EmsXSusanoXUltimateSasuke said:


> the FRS isnt even close to the mountains so how you're comparing them is a mystery.


lol really?  You don't see the mountains on the side of them or in the foreground?  Do I have to show you this scan to give you an idea of how tall the mountains are compared to the crater?  now compare the explosion to the crater vs those mountains to the crater obviously the explosion is more than 2 times taller than the surrounding mountains.



EmsXSusanoXUltimateSasuke said:


> -the 100% kyuubi is much larger than the other biju so the other biju not being able to be seen is irrelevant.


lol it no way shape or form is it irrelevant as the other bijuu might not be as large, however they are so small that they don't even appear as dots, so 100% Kurama would barely even appear as anything in that scan.  So unless you are going to argue something like 100% Kurama could fit another bijuu in its mouth, then he wouldn't be taller than those mountains if the other bijuu don't even show up as pixels in that scan.



EmsXSusanoXUltimateSasuke said:


> -a standing 100% kyuubi wouldnt be taller than the mountains in the hashirama vs madara fight.


it's more than half as tall as the mountains while its on all 4s of course it will be taller than those mountains while standing.



EmsXSusanoXUltimateSasuke said:


> -no biju besides 100% kyuubi is anywhere near mountain sized.

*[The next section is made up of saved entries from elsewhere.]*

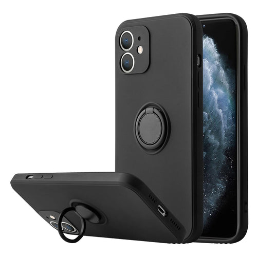 Soft Liquid Silicone Case With Stand Ring Holder For iPhone 12 (6.1") - Black
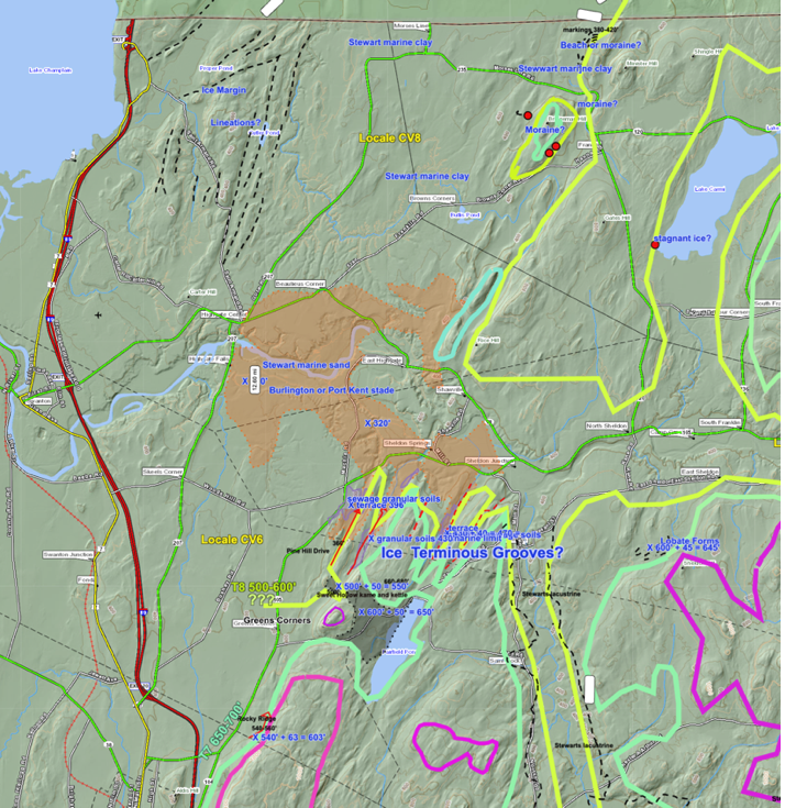 Locale CV5 is quite significant as it documents complex but important elements of the deglacial history, including the Champlain Sea invasion and its close association with the ice margin. Locale CV6 likewise is significant. It was part of Wagner 2023 Open Letter, which is given in Appendix 5 in its entirety. Locale CV6 is located at the mouth of the Missisquoi Basin at the western margin of the foothills near St. Albans and Greens Corners, where Ice Tongue Grooves have been identified, similar to those marked at the mouths of the Lamoille and Winooski Basins on VCGI. As discussed previously, these features represent destabilization of the ice margin whereby the eastern margin of the Champlain lobe became transformed from a lateral to a frontal margin. As discussed in the Open Letter, these features include the Greens Corners area, showing the progressive, step-down recession, raising the possibility that this recession took place in the times of the Champlain Sea at its marine limit and possibly subsequently during its lower stades related to isostatic uplift. Intriguingly, Chapman’s depiction of the marine limit suggests a flattening of the marine limit strandline, perhaps a hinge line, but that is a different story that merits further study. It needs to be said that the elevation of the Champlain Sea at the marine limit and its well the lowering levels of the Champlain Sea are important elements of this history. The T8 margin as mapped here is believed to represent a readvance of the ice sheet in Champlain Sea time but after the initial time of the Sea incursion, as indicated by the mapping of till and silt-clay deposits on the surface of Champlain Sea deltas in the Miossisquoi Basin.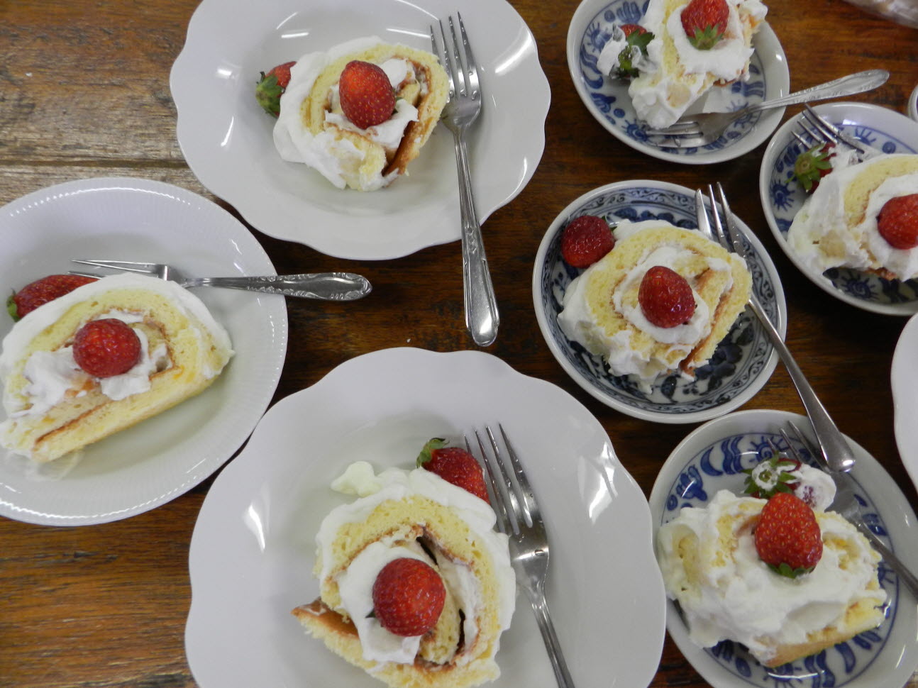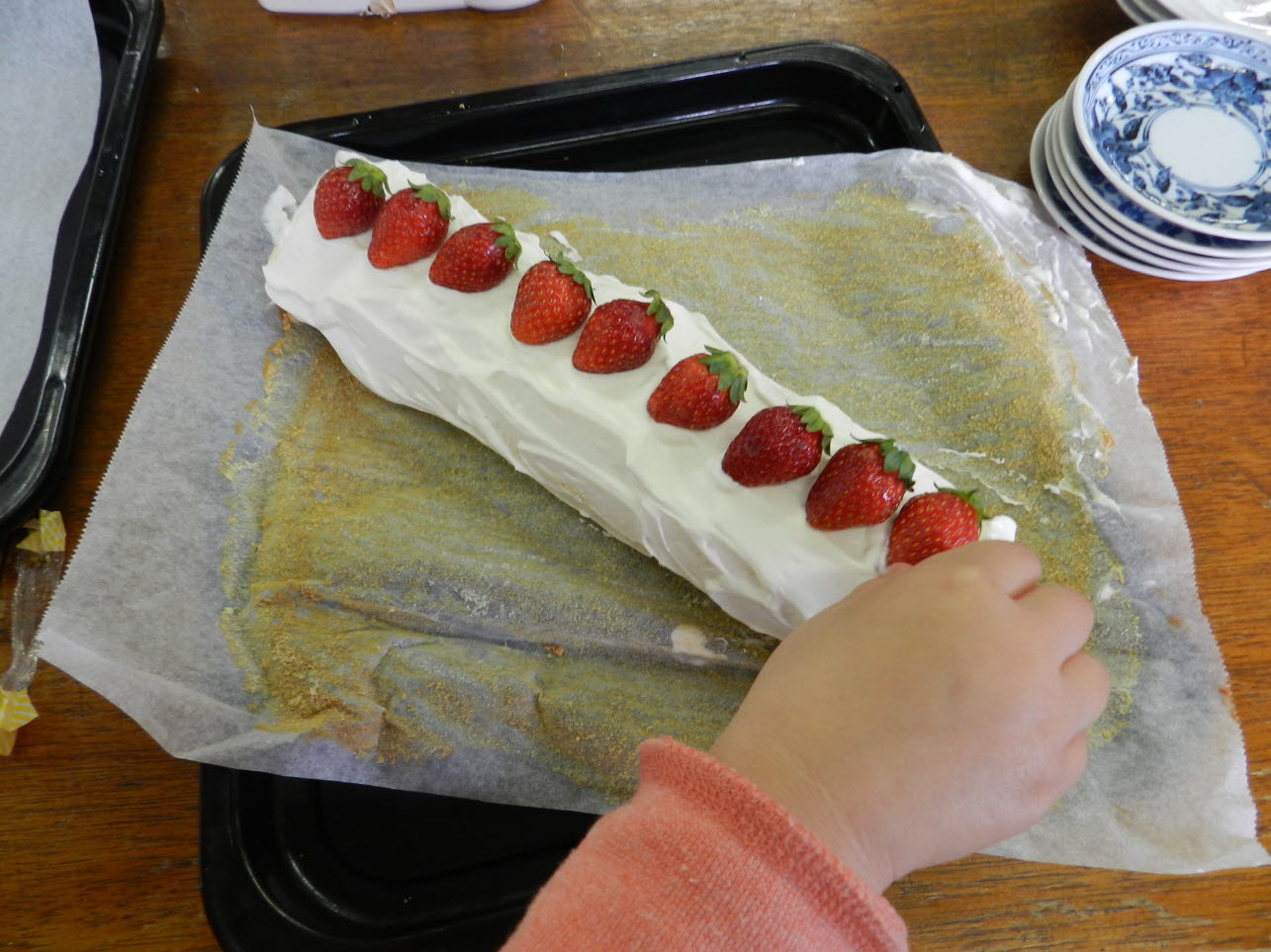 아이들이 반죽해 생크림을 장식하고 인원수만큼 몇 등분해 접시에 담아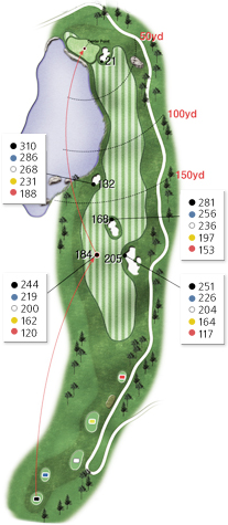 You should hit the tee shot over the fairway bunker on the right. As the fairways lopes downhill, you can hit the second shot from a shorter distance.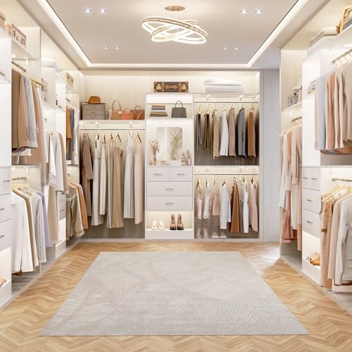 【Spacious and Fully Functional Closet Organizer】 The 3 hanging rod is perfect for long coats, dresses, skirts, slacks and sweaters, and the 4 drawers are spacious to store clothes, scarves, socks, undies and jewelry for concealed storage, besides the top shelves and storage shelves offer plenty of open storage for folded clothes, shoes, handbags, boxes, hats or anything else. The walk in closet system can holds up to 400 pieces of clothing, which make it easier to keep everything tidy and accessible.

so what? unless you are going to argue that 100% Kurama's head is bigger than any of the other bijuus, then its' in no way shape or form irrelevant.



EmsXSusanoXUltimateSasuke said:


> -the biju are smaller than the gedo mazo who is about 1/3rd to 1/4th the size of a mountain as demonstrated when gedo mazos confrontation with the mountain sandwich.

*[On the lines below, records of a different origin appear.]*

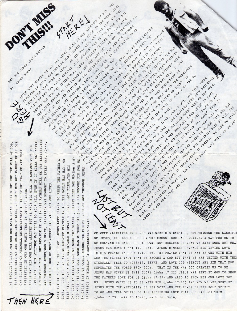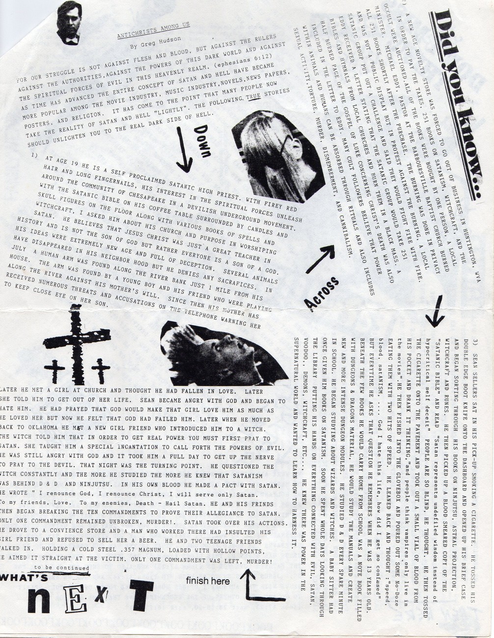 3) SEAN SELLERS SAT IN HIS PICK-UP SMOKING A CIGARETTE. HE TOSSED HIS DOUBLE EDGE BOOT KNIFE ONTO THE DASHBOARD AND OPENED UP HIS BRIEF CASE AND BEGAN SORTING THROUGH HIS BOOKS ON NINJUTSU, ASTRAL PROJECTION, WITCHCRAFT AND RUNES. HE THEN PICKED UP A BLOOD SMEARED COPY OF THE "SATANIC BIBLE" AND READ "Satan represents undefiled wisdom instead of hypocritical self deceit" PEOPLE ARE SO BLIND, HE THOUGHT. HE THEN TOSSED THE CIGARETTE ONTO THE PAVEMENT AND TOOK OUT A SMALL VIAL OF BLOOD FROM HIS POCKET AND DRANK IT THINKING, "and people think vampires only live in the movies". HE THEN FISHED INTO THE GLOVEBOX AND POURED OUTSOME No-Doze EATING THEM WITH TWO HITS OF SPEED. HE LEANED BACK AND THOUGHT: "speed, blood, satANISM, .... God I hate this life, how did I get so confused" BUT EVERYTIME HE ASKS THAT QUESTION HE REMEMBERS WHEN HE WAS 13 YEARS OLD. BENEATH THE FEW BOOKS HE WOULD CARRY HOME FROM SCHOOL WAS A NOTE BOOK FILLED WITH DUNGEONS & DRAGONS MATERIAL, HE WOULD STUDY THE MANUALS AND CREATE NEW AND MROE INTENSE DUNGEON MODULES. HE STUDIED D & D EVERY SPARE MINUTE IN SCHOOL. HE BEGAN STUDYING ABOUT WIZARDS AND WITCHES. A BABY SITTER HAD ONCE GIVEN HIM BOOKS ON SATANISM. SOON HE SPENT WHOLE DAYS LOOKING THROUGH THE LIBRARY PUTTING HIS HANDS ON EVERYTHING CONNECTED WITH EVIL, SATAN, VOODOO,, DEMONS, WITCHCRAFT, ETC.... HE KNEW THERE WAS POWER IN THE SUPERNATURAL WORLD AND WANTED TO LEARN HOW TO HARNESS IT.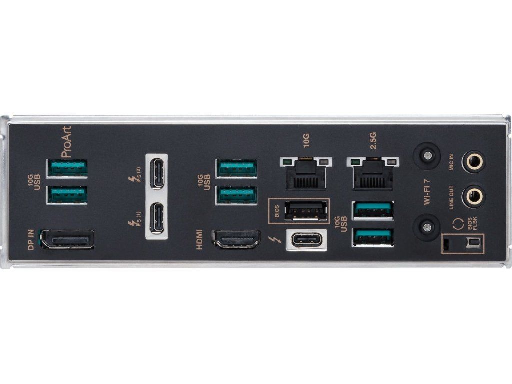 ProArt Z890-CREATOR WIFI posilňuje tvorcov všetkých úrovní maximalizáciou výkonu najnovších procesorov Intel Core™ Ultra (Séria 2) s 16+1+2+2 tímovými napäťovými stupňami, slotmi DDR5, PCIe 5.0 a rýchlym pripojením vrátane dvoch portov Thunderbolt™ 5, 10G a 2,5G Ethernetu a WiFi 7.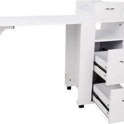 Deze manicuretafel is perfect voor een kleine ruimte. De poten en tafelblad van deze tafel kunnen ingeklapt worden, waardoor de tafel in een gewone ladekast veranderd.

The bijuu are just shorter than GM, and not even by much.



EmsXSusanoXUltimateSasuke said:


> i know this but im not talking about the amount of mountains it destroyed.
> 
> shinsuusenjus limit is 11 mountain busters+11 mountain range levelers+a valley.


11 mountain busters = true
a valley = potentially true
11 mountain range levelers = completely and utterly false.  A PS slash merely CUTS a mountain it does not level it, it merely removes a section from it, as after the slash teh mountains are still there, just showrter.  In order to level a mountain you would have to do so much damage to it that it would be as tall as the ground.



EmsXSusanoXUltimateSasuke said:


> the main body didnt have a scratch=tanked.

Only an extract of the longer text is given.